_WORK TO BE COMPLETED_. Write the data out in full and word for word. Do not include images.

** STORED DATA follows **

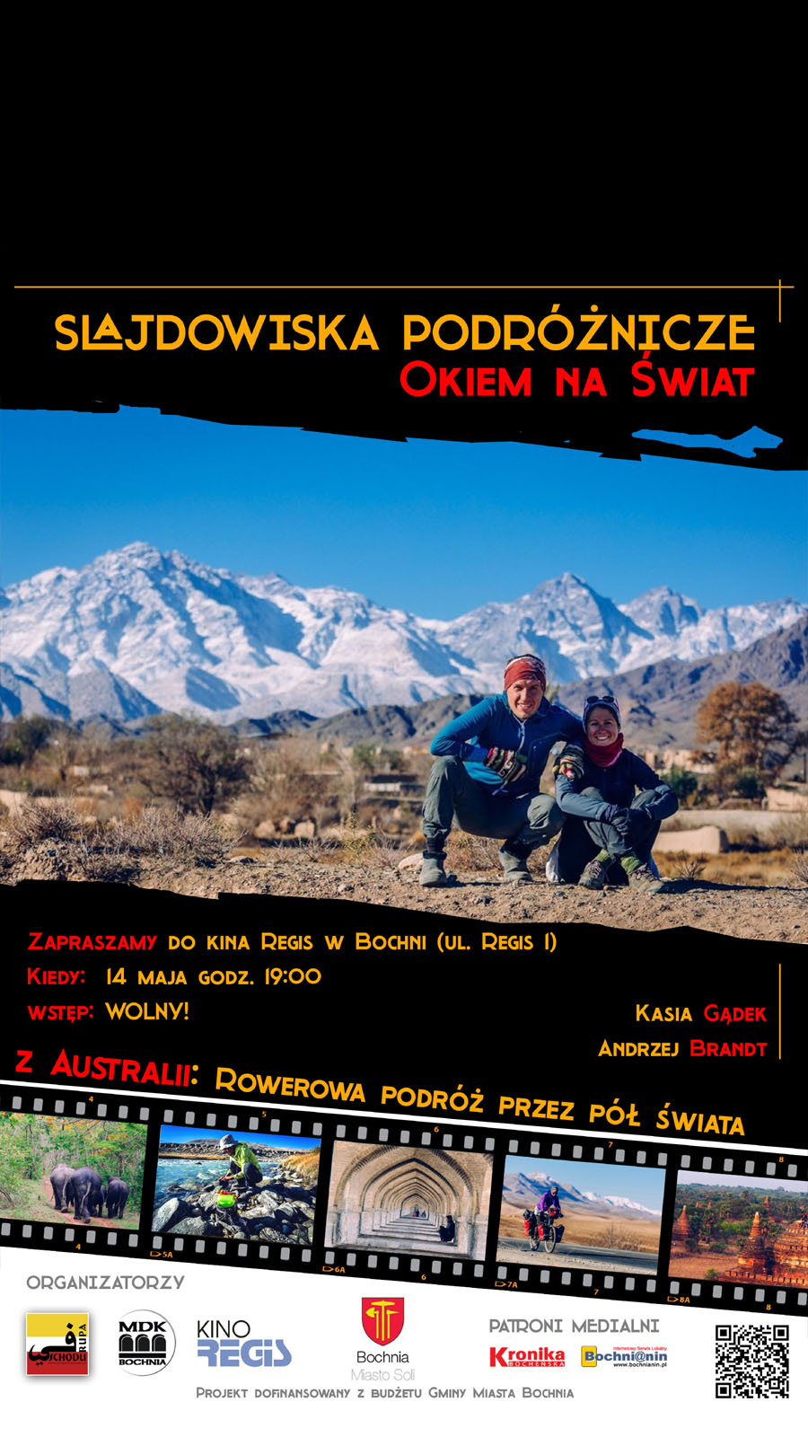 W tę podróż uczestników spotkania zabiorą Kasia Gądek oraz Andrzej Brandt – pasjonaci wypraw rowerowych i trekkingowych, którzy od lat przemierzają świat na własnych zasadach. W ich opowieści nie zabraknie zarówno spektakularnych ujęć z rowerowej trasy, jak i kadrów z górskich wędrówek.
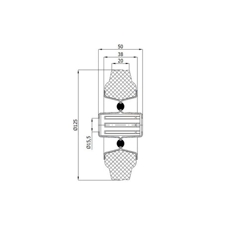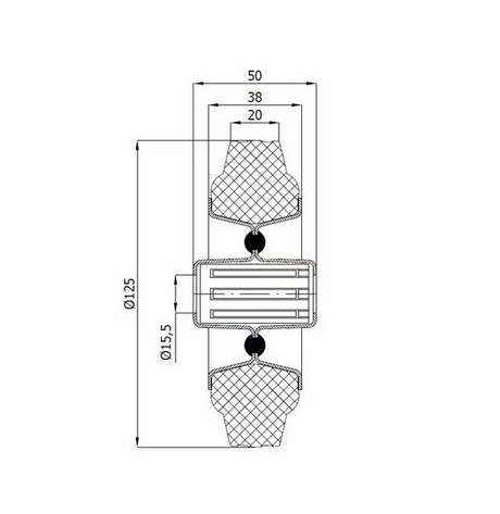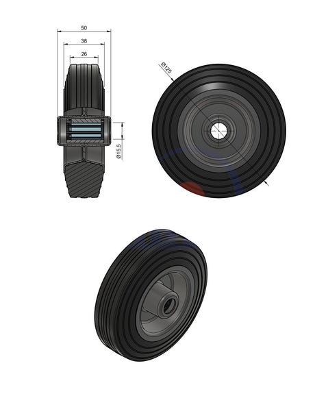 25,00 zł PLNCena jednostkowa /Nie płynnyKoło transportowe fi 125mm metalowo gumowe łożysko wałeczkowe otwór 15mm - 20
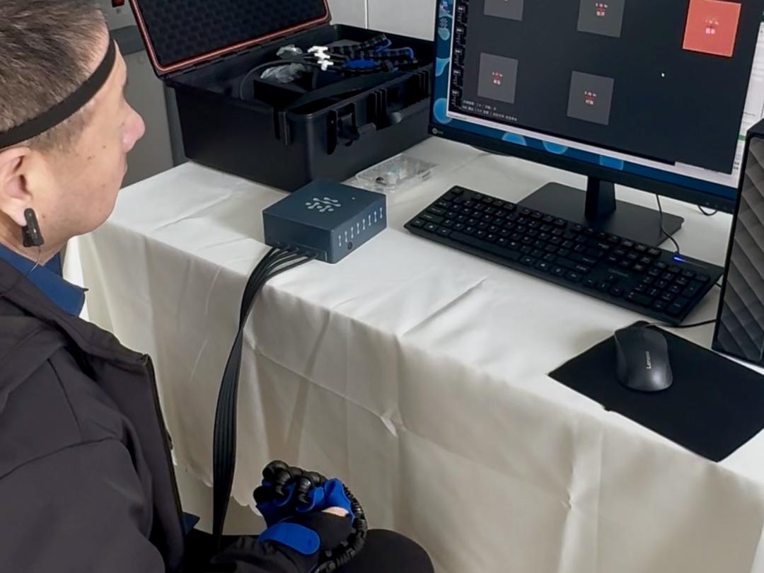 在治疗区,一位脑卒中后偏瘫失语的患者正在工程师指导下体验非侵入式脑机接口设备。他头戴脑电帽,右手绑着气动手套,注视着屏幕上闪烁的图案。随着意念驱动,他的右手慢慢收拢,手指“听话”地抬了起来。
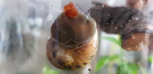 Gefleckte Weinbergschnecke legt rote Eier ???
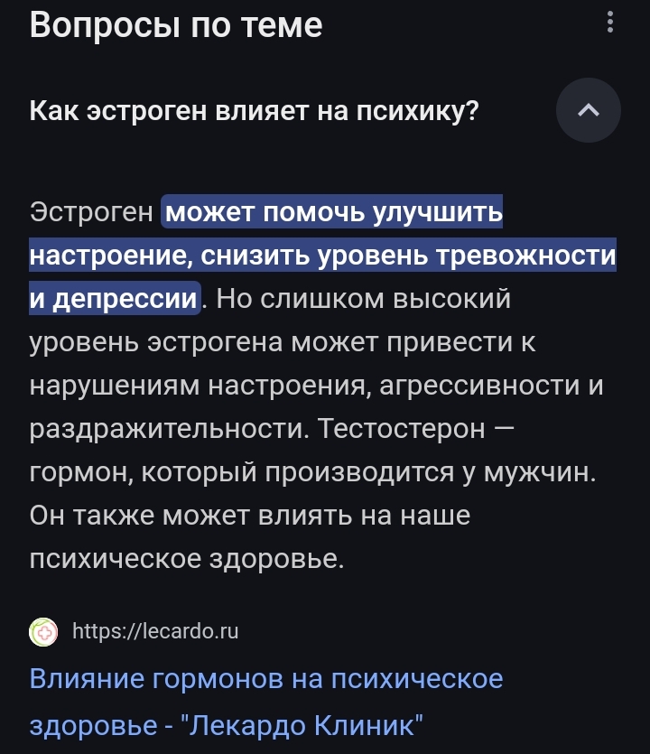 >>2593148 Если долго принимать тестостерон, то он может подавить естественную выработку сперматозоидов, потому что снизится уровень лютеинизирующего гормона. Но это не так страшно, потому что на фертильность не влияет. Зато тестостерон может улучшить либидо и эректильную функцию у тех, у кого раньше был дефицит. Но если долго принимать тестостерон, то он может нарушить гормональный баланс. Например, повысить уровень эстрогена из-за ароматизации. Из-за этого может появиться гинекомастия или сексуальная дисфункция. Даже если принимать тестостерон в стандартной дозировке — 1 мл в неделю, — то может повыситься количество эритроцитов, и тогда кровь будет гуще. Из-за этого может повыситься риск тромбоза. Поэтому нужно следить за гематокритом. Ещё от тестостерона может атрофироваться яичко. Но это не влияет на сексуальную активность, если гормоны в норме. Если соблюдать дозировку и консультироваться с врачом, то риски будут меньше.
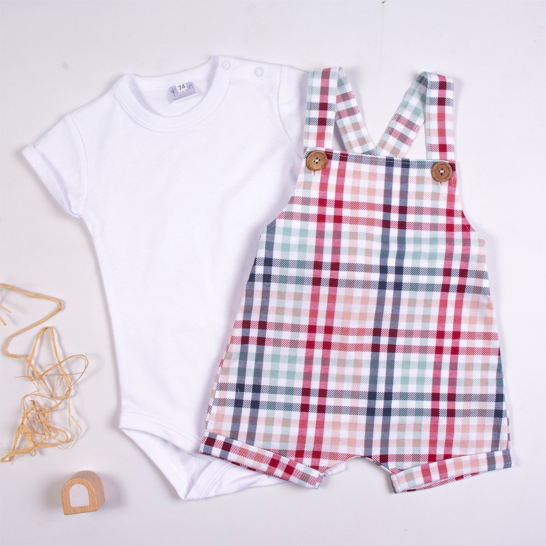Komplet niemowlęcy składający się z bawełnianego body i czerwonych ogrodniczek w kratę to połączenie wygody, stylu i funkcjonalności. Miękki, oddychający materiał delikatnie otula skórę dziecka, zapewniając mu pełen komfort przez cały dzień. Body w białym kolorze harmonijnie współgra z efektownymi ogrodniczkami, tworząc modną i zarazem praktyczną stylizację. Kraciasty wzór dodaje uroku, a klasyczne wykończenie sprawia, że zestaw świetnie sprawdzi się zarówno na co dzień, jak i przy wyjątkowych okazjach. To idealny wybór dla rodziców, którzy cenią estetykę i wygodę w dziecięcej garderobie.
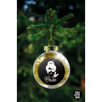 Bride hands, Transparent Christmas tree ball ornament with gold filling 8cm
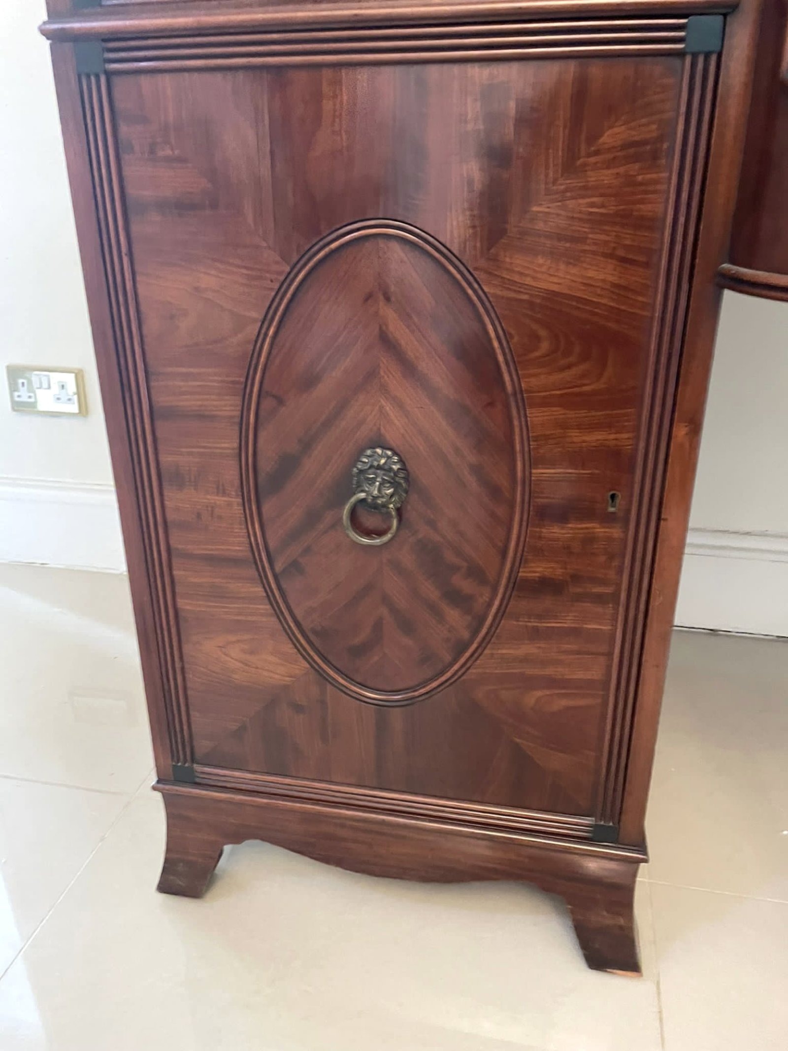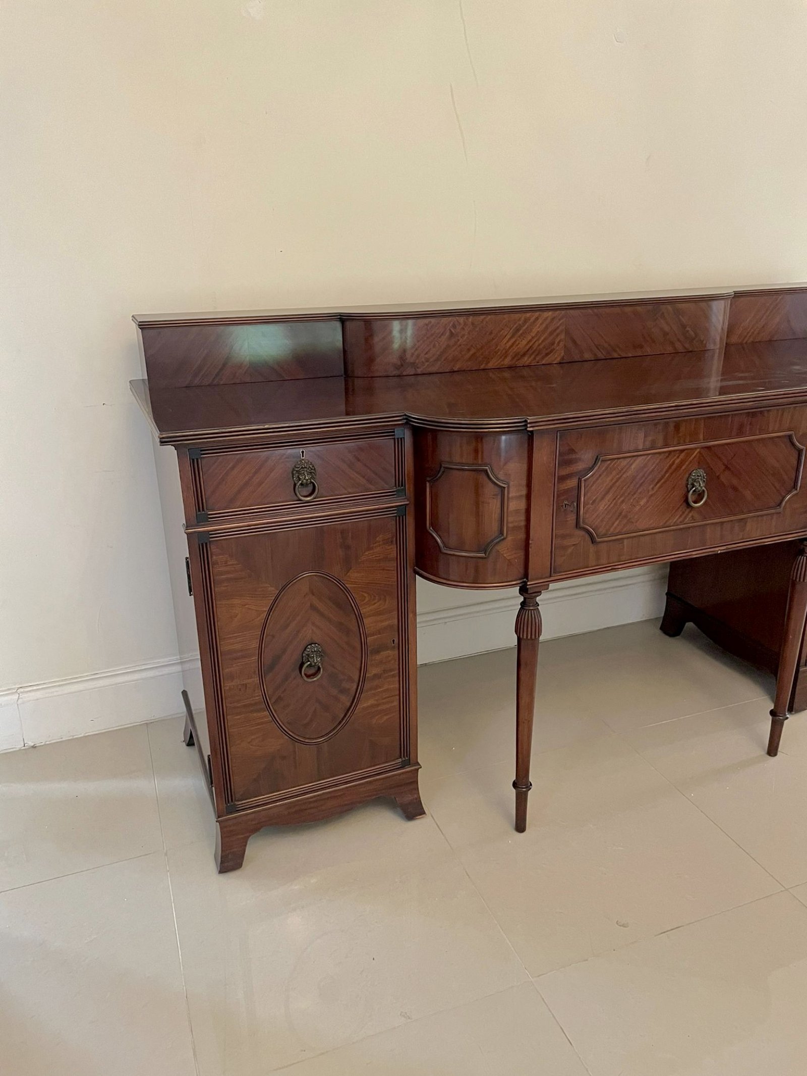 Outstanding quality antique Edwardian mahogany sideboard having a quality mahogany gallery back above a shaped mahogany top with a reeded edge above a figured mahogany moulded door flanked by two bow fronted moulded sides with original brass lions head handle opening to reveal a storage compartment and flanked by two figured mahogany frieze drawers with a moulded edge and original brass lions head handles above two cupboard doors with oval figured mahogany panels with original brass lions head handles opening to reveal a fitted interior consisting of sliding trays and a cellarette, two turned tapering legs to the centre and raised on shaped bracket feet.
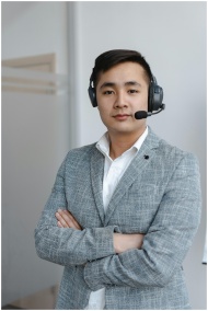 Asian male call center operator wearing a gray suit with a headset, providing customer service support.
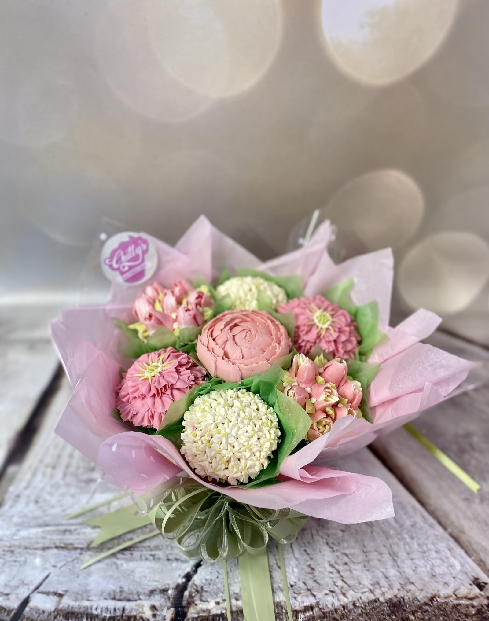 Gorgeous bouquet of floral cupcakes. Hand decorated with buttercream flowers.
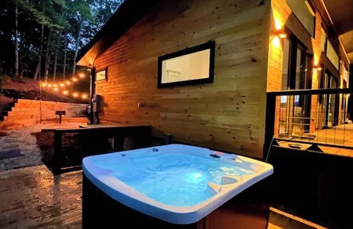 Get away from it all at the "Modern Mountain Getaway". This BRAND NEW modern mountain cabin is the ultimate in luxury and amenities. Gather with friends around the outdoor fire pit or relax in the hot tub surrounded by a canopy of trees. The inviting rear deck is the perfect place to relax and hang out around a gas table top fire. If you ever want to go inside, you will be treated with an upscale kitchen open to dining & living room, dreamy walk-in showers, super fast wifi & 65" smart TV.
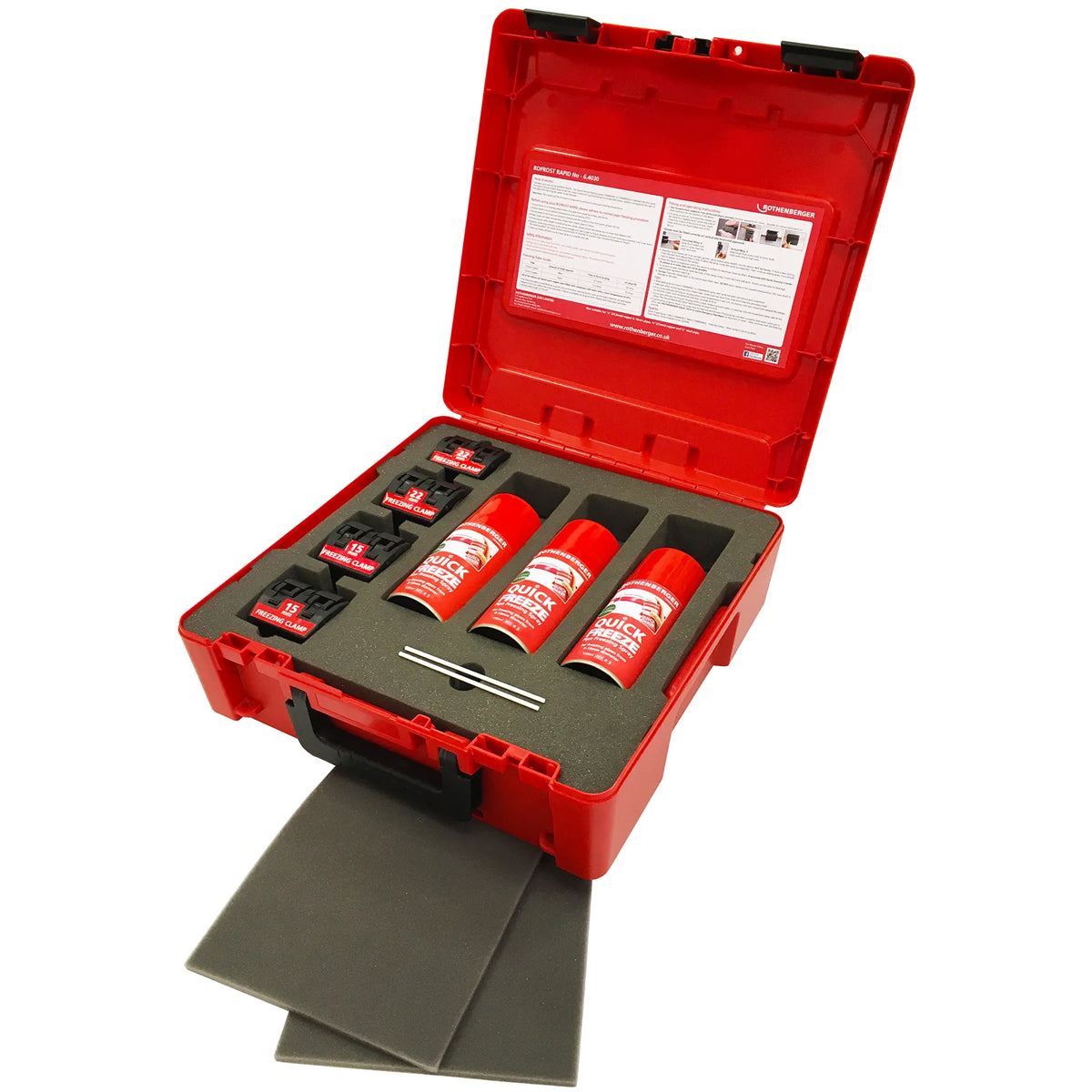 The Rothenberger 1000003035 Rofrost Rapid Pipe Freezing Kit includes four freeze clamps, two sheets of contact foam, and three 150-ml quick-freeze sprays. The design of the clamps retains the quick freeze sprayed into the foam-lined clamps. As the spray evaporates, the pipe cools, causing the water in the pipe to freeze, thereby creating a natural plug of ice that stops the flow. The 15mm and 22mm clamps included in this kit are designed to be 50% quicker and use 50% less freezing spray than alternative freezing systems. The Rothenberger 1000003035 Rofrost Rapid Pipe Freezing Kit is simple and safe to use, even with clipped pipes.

** End of STORED DATA **

_ANSWER SPACE_.
 W tę podróż uczestników spotkania zabiorą Kasia Gądek oraz Andrzej Brandt – pasjonaci wypraw rowerowych i trekkingowych, którzy od lat przemierzają świat na własnych zasadach. W ich opowieści nie zabraknie zarówno spektakularnych ujęć z rowerowej trasy, jak i kadrów z górskich wędrówek.
 25,00 zł PLNCena jednostkowa /Nie płynnyKoło transportowe fi 125mm metalowo gumowe łożysko wałeczkowe otwór 15mm - 20
 在治疗区,一位脑卒中后偏瘫失语的患者正在工程师指导下体验非侵入式脑机接口设备。他头戴脑电帽,右手绑着气动手套,注视着屏幕上闪烁的图案。随着意念驱动,他的右手慢慢收拢,手指“听话”地抬了起来。
 Gefleckte Weinbergschnecke legt rote Eier ???
 >>2593148 Если долго принимать тестостерон, то он может подавить естественную выработку сперматозоидов, потому что снизится уровень лютеинизирующего гормона. Но это не так страшно, потому что на фертильность не влияет. Зато тестостерон может улучшить либидо и эректильную функцию у тех, у кого раньше был дефицит. Но если долго принимать тестостерон, то он может нарушить гормональный баланс. Например, повысить уровень эстрогена из-за ароматизации. Из-за этого может появиться гинекомастия или сексуальная дисфункция. Даже если принимать тестостерон в стандартной дозировке — 1 мл в неделю, — то может повыситься количество эритроцитов, и тогда кровь будет гуще. Из-за этого может повыситься риск тромбоза. Поэтому нужно следить за гематокритом. Ещё от тестостерона может атрофироваться яичко. Но это не влияет на сексуальную активность, если гормоны в норме. Если соблюдать дозировку и консультироваться с врачом, то риски будут меньше.
Komplet niemowlęcy składający się z bawełnianego body i czerwonych ogrodniczek w kratę to połączenie wygody, stylu i funkcjonalności. Miękki, oddychający materiał delikatnie otula skórę dziecka, zapewniając mu pełen komfort przez cały dzień. Body w białym kolorze harmonijnie współgra z efektownymi ogrodniczkami, tworząc modną i zarazem praktyczną stylizację. Kraciasty wzór dodaje uroku, a klasyczne wykończenie sprawia, że zestaw świetnie sprawdzi się zarówno na co dzień, jak i przy wyjątkowych okazjach. To idealny wybór dla rodziców, którzy cenią estetykę i wygodę w dziecięcej garderobie.
 Bride hands, Transparent Christmas tree ball ornament with gold filling 8cm
 Outstanding quality antique Edwardian mahogany sideboard having a quality mahogany gallery back above a shaped mahogany top with a reeded edge above a figured mahogany moulded door flanked by two bow fronted moulded sides with original brass lions head handle opening to reveal a storage compartment and flanked by two figured mahogany frieze drawers with a moulded edge and original brass lions head handles above two cupboard doors with oval figured mahogany panels with original brass lions head handles opening to reveal a fitted interior consisting of sliding trays and a cellarette, two turned tapering legs to the centre and raised on shaped bracket feet.
 Asian male call center operator wearing a gray suit with a headset, providing customer service support.
 Gorgeous bouquet of floral cupcakes. Hand decorated with buttercream flowers.
 Get away from it all at the "Modern Mountain Getaway". This BRAND NEW modern mountain cabin is the ultimate in luxury and amenities. Gather with friends around the outdoor fire pit or relax in the hot tub surrounded by a canopy of trees. The inviting rear deck is the perfect place to relax and hang out around a gas table top fire. If you ever want to go inside, you will be treated with an upscale kitchen open to dining & living room, dreamy walk-in showers, super fast wifi & 65" smart TV.
 The Rothenberger 1000003035 Rofrost Rapid Pipe Freezing Kit includes four freeze clamps, two sheets of contact foam, and three 150-ml quick-freeze sprays. The design of the clamps retains the quick freeze sprayed into the foam-lined clamps. As the spray evaporates, the pipe cools, causing the water in the pipe to freeze, thereby creating a natural plug of ice that stops the flow. The 15mm and 22mm clamps included in this kit are designed to be 50% quicker and use 50% less freezing spray than alternative freezing systems. The Rothenberger 1000003035 Rofrost Rapid Pipe Freezing Kit is simple and safe to use, even with clipped pipes.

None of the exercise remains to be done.